You can add System.Diagnostics.Debugger.Break() statements to the DLL code. When
running the calling project in Visual Studio,
program execution will stop there.
From here you can add access the
call stack (including all function
calls in DLL itself) and set break
points (although the icon for
the breakpoint will appear disabled
and the hover text for the break
point will read "The breakpoint will
not currently be hit. No symbols
have been loaded for this document").
If the DLL is throwing an exception (which you can see from
the 'Output' window if the exception
is caught and handled by the DLL)
you can tell Visual Studio to always break when
that type of exception is thrown.
Hit Ctrl + Alt + E, find the type of
exception being thrown, and click
the 'Throw' column for that
exception. From here it is exactly
as if you had used
System.Diagnostics.Debugger.Break()
(see above).
2) Attaching a using process to the DLL project.
This involved hooking the Visual Studio debugger into a running process.
Open the DLL project in Visual Studio.
Run an application that uses the DLL (this
application can't be run from
another instance of Visual Studio since the
process will already have a debugger
attached to it).
From here you can add break points and step through
the DLL code loaded in Visual Studio (although
the break point will appear disabled
the same as in method 1).
Something that has worked for me with debugging a couple of third-party libraries as well as .NET itself is WinDbg. It is an awesome debugger from Microsoft that I have used to troubleshoot some sticky problems that were occuring deep inside the framework.
You need to use the Son of Strike (SOS) extensions if it is a managed DLL. It can debug native also.
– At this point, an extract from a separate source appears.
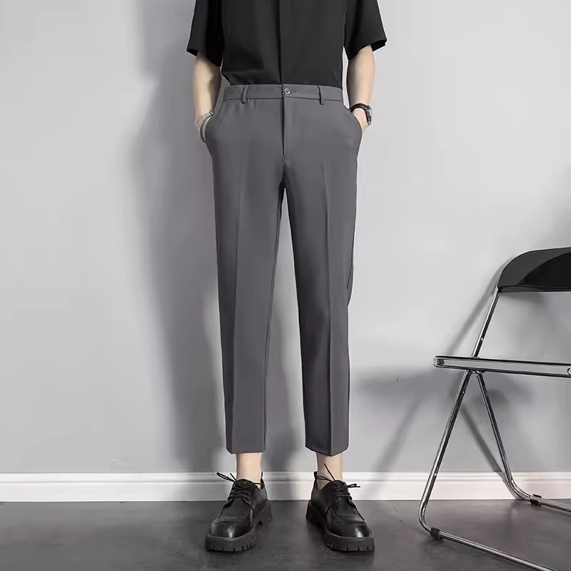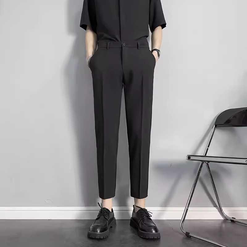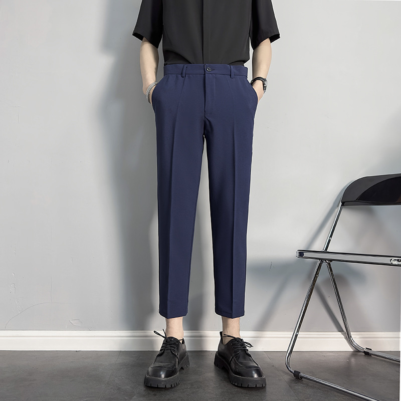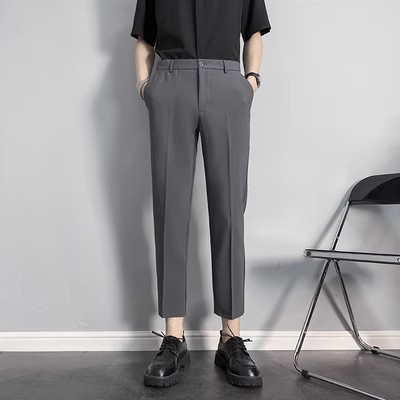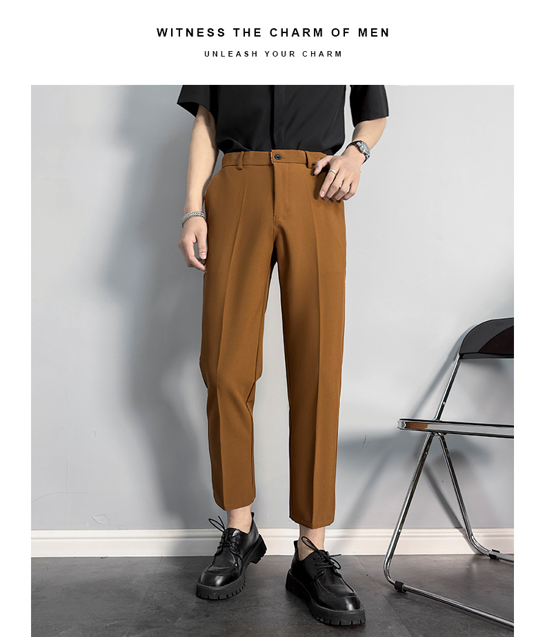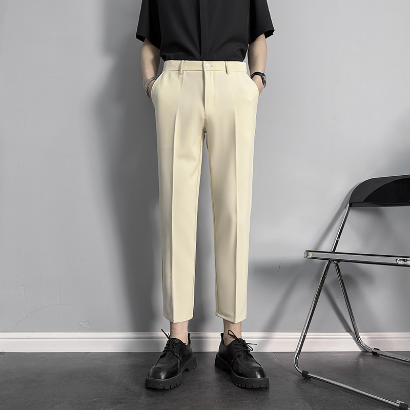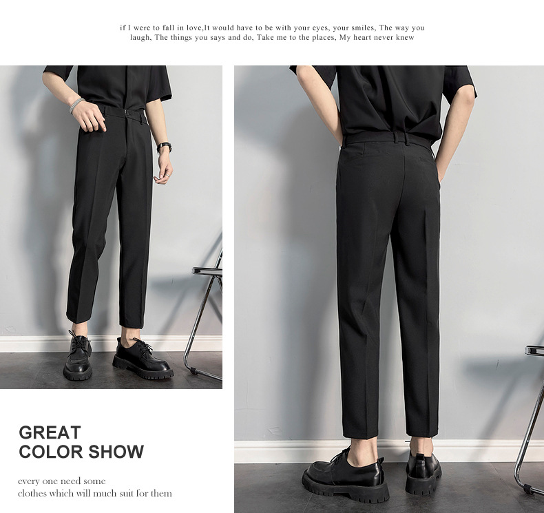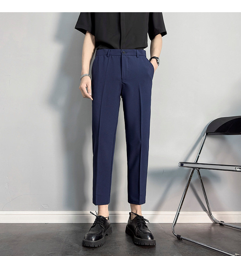 봄과 여름 새로운 도착 9 점 세트 바지 남자 기저귀 슬림 핏 작은 다리 캐주얼 남자 스트레이트 비 다림질 세트 바지
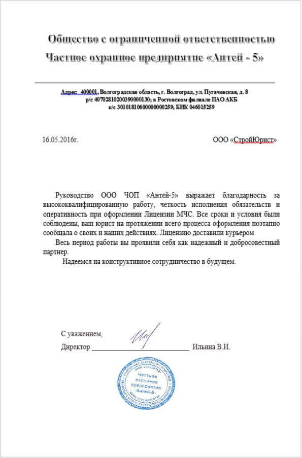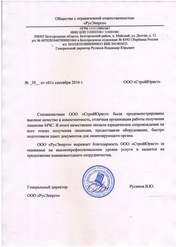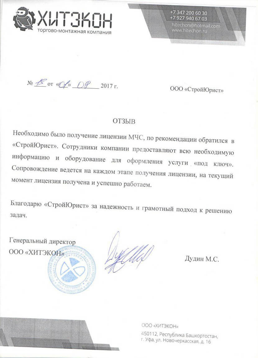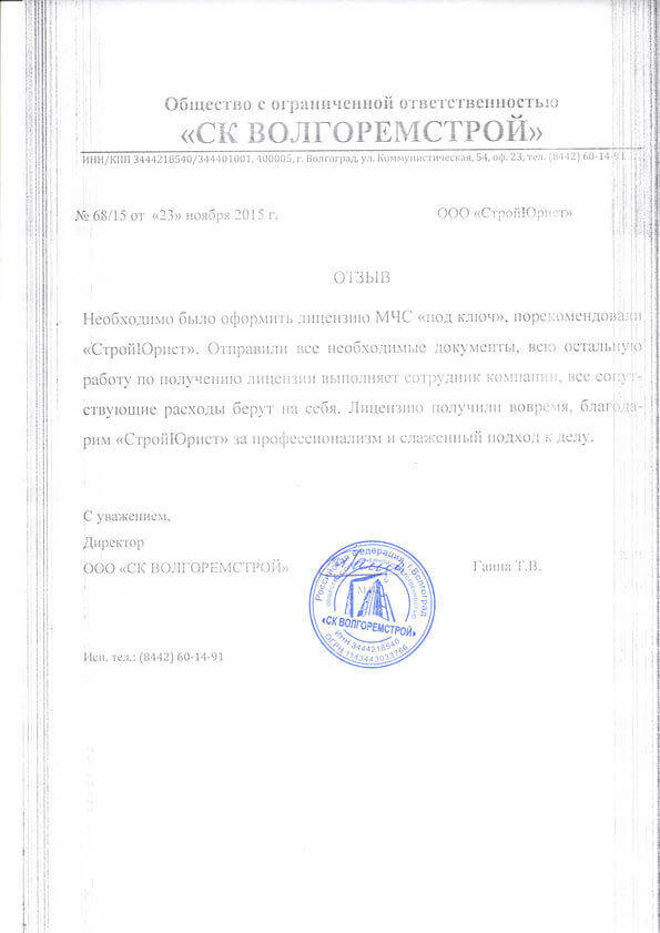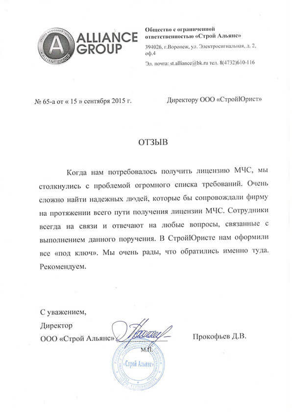 Отзывы клиентов "СтройЮрист" по лицензированию МЧС в Озёрске

You will need to know a bit about callstacks and assembly/CIL instructions to be good at using it. You should be able to determine the exception and what is causing it. We have used WinDbg/SOS to find for instance that in HttpWebResponse, if you are using Gzip compression to download a page and the server returns a bad Gzip header, .NET runs the decompression in the threadpool and a crash will take out your process. Happy debugging.
One more option we should mention here is dotPeek 1.2 (a free decompiler from creators of ReSharper). Here is a nice post describing how to configure VS symbol server and dotPeek 1.2 to debug decompiled code from VisualStudio: http://blog.jetbrains.com/dotnet/2014/04/09/introducing-dotpeek-1-2-early-access-program
As Cesar Reyes mentioned in Stack Overflow question Visual Studio - Attach source code to reference, ReSharper 5 (and later) has this capability.
.NET Reflector 6 comes with a Visual Studio Addin that lets you use Visual Studio's step-through-debugging on assemblies that you don't have the source code for.
Have a look at this blog post:
http://www.simple-talk.com/community/blogs/alex/archive/2009/09/22/74919.aspx for more details.
This is still a very early build. So no guarantee that it'll work, and it might break your visual studio configuration or project configuration. Make sure you have backups (or source control) for any projects you use this on.
Download here:
http://www.red-gate.com/MessageBoard/viewforum.php?f=109
I thought .NET Reflector got some debugging plugins. That'd be a so much better idea because decompiling and recompiling code generally fails, and you need to do so many changes in the code to fix it.
Give .NET Reflector debugger a try. It might help you a lot.